# Pattern Classes of d00m!!!



## Dartanion (Dec 8, 2008)

PaintsPwn said:


> I'm open to difficult maneuvers if anyone has suggestions >8D


*Showmanship:*

*Back turns - *D & back in more of a square shape LOL
*Backing 'weaves' - *I did one pattern once where we had to weave back and fourth between three cones that were SQUISHED together and OMG just starting out that was a pain! LOL
*pull turns - *still trying to master these
*Equitation:* 

*Change diagonals - *Believe it or not I see a lot of people look down to check their diagonals around here if they ever have to switch or change lol.
*Flying Lead Changs - *More than one, maybe one each direction?
*Canter to Halt - *I like seeing the 'tricklers' canter canter canter trot a stride, walk, stop! :lol:
*Pivot on the haunches(SP)*
*Pivot on the forehand (and then maybe a canter off??)*
*side passing!*
That's all I can really think of right now for those two but hehehe it sounds like you have an evil:twisted: pattern plan there. Would you mind sending me the SMS & Eq patterns to try out at home??!!


----------



## PaintsPwn (Dec 29, 2009)

LOL Backing Weaves is a good idea! My horse would excel at them.. He has a super hard time backing straight!! I know everyone around here has a horse that is scolded if he backs anything less than pin straight, so is a very good idea!

Pull turns are fuuun 8D


And OMG the equitation! I know what you're talking about.. I always pin high in eq, and I figure it's because I can feel diagonals. It's not that hard, really.

I'll definitely post the patterns. I might make a hobby out of this yet!


----------



## thunderhooves (Aug 9, 2009)

hm......i have no clue about any of that stuff, or what it even is, but i culd say as random stuff, backing between bales of hay in a circle shape.....how tempting!:twisted:


----------



## southerncowgirl93 (Feb 5, 2009)

I'd like a copy of these patterns too. My horse is the opposite of yours. She can't back crooked to save her life! lol But its ok. As for suggestions, maybe:

Sidepass (like was said)
Pivot on the haunches and then straight to backing (harder than it sounds.)

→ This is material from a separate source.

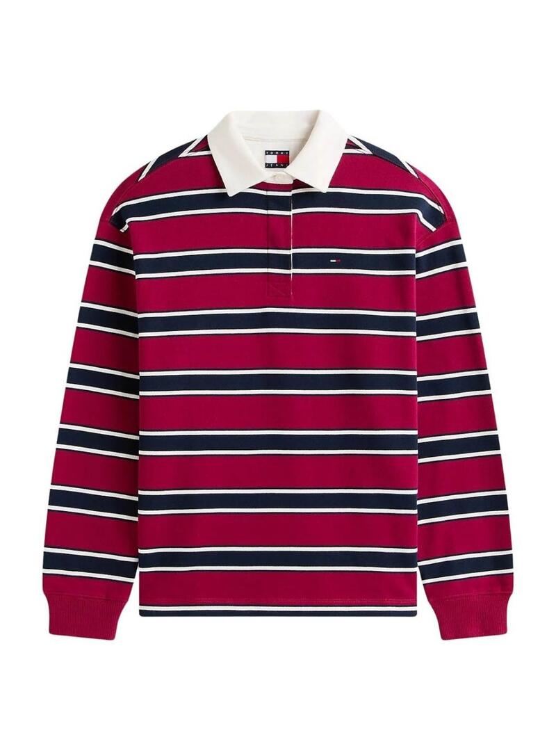 Polo Tommy Jeans. Modello a righe rugby. Colore rosso, bianco e blu scuro. Stampato con righe orizzontali. Colletto con bottoni. Manica lunga. Vestibilità ampia. Marchio ricamato.
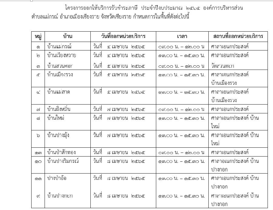 ประชาสัมพันธ์การ ออกหน่วยรับชำระภาษีเคลื่อนที่ ประจำปี 2565 ตามรายละเอียดดังต่อไปนี้

And the Advanced Trail...I could go on forever!:

Walk through an empty ditch
Walk through a creek or a ditch filled with water
__________
Example: >>>>>>>>
___________

Cowboy Curtain aka Ride under a hanging obstacle (cut up tarp)
Bareback
Load horse into a trailer(rider must dismount)
Carry a raincoat
Walk over a tarp
Small jump (10"-14")
Ground Tie and walk circle around horse (10 foot away from horse)
Log/Tire Pull
Tunnel (Hay rings on their sides with wood on bottom so horse doesnt get hurt, and outside covered with tarp)
Teeter-Totter Bridge

Told you I could go on forever. lol I can get more.


----------



## Ridehorses99 (Dec 23, 2009)

I was in a show where we had to back in a figure 8 between barrels.....and there wasn't a lot of room in between them. Another great one is trotting into the box and stop. Do a 360 inside the box, then walk so the horse's front feet are outside the box but back feet are still in the box. Now have the horse sidepass all the way around the box keeping his back feet inside and his fronts outside. That will separate the men from the boys.


----------



## Void (Jun 26, 2009)

A proper figure 8 kills most people. A proper figure 8 should be a circle, and you change your lead and make another circle (if at a canter).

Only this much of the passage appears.